**WHAT THE TASK ASKS:** Your copy of the listing should be exact and should contain no pictures.

**PROVIDED DATA:**
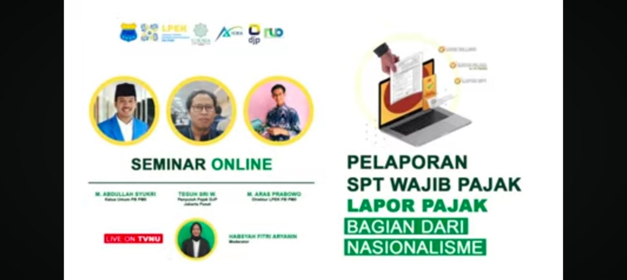 Jakarta – Lembaga Profesi Ekonomi dan Keuangan (LPEK) Pengurus Besar Pergerakan Mahasiswa Islam Indonesia (PB PMII) bekerjasama dengan Program Studi Akuntansi Universitas Nahdlatul Ulama Indonesia (UNUSIA) dan Nasaruddin Umar Office (NUO) berusaha untuk ikut bersama Negara dalam peningkatan kepatuhan Wajib Pajak dengan sosialisasi pelaporan SPT Tahunan Wajib Pajak.
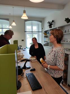 Nach dreiwöchiger Schließzeit öffnete die Stadtbibliothek Lübben am Dienstag, den 8. August 2023 wieder für ihre Leserschaft. Dabei überraschte sie durch einen neu gestalteten Eingangsbereich. Blickfang ist der moderne, in Grün und Grau gestaltete, Ausleihtresen, der zwei Arbeitsplätze aufweist, abschließbare Fächer und eine illuminierte Auslage für neu erworbene Literatur.
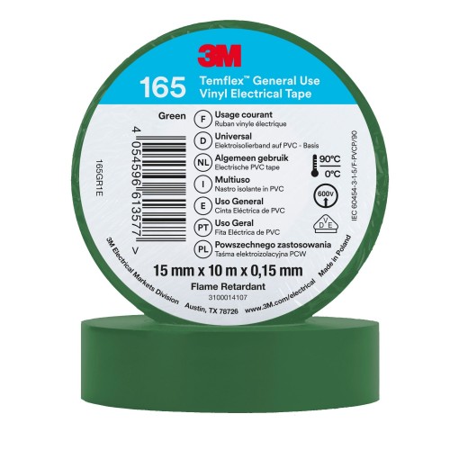3M™ Temflex™ 165 Cinta PVC, Verde, 15 mm x 10 m
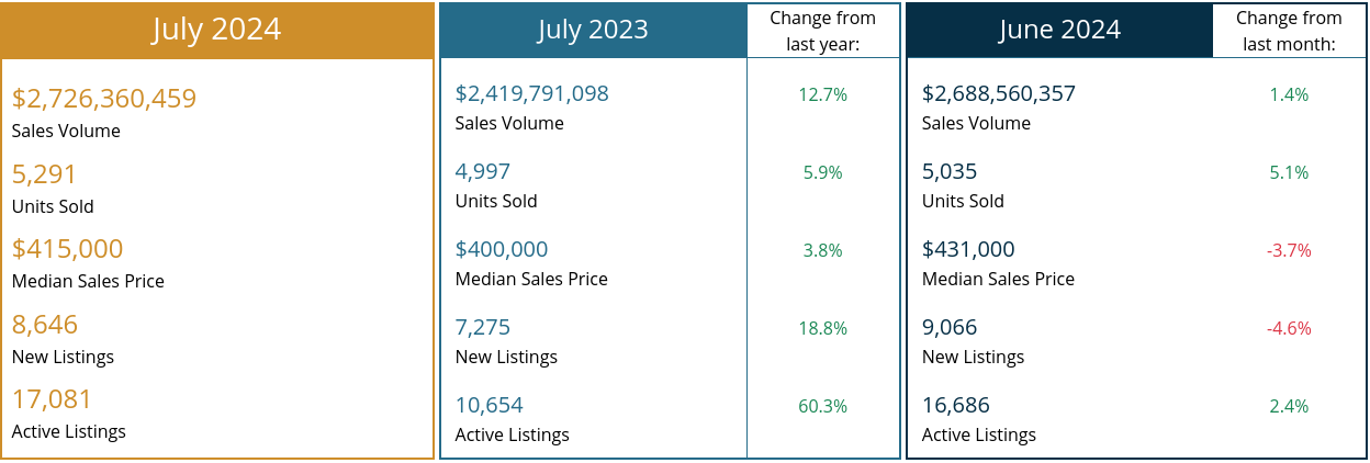 By units, sales were up 5.1% month over month, from 5,035 homes sold in June to 5,291 homes in July. Year over year, sales were up 5.9% from 4,997 transactions in July 2023. By dollar amount, sales were up 9.5% month over month and 5.9% year over year, at $2.73 billion.

**RESULT OF THIS EXERCISE:**
 Jakarta – Lembaga Profesi Ekonomi dan Keuangan (LPEK) Pengurus Besar Pergerakan Mahasiswa Islam Indonesia (PB PMII) bekerjasama dengan Program Studi Akuntansi Universitas Nahdlatul Ulama Indonesia (UNUSIA) dan Nasaruddin Umar Office (NUO) berusaha untuk ikut bersama Negara dalam peningkatan kepatuhan Wajib Pajak dengan sosialisasi pelaporan SPT Tahunan Wajib Pajak.
 Nach dreiwöchiger Schließzeit öffnete die Stadtbibliothek Lübben am Dienstag, den 8. August 2023 wieder für ihre Leserschaft. Dabei überraschte sie durch einen neu gestalteten Eingangsbereich. Blickfang ist der moderne, in Grün und Grau gestaltete, Ausleihtresen, der zwei Arbeitsplätze aufweist, abschließbare Fächer und eine illuminierte Auslage für neu erworbene Literatur.
3M™ Temflex™ 165 Cinta PVC, Verde, 15 mm x 10 m
 By units, sales were up 5.1% month over month, from 5,035 homes sold in June to 5,291 homes in July. Year over year, sales were up 5.9% from 4,997 transactions in July 2023. By dollar amount, sales were up 9.5% month over month and 5.9% year over year, at $2.73 billion.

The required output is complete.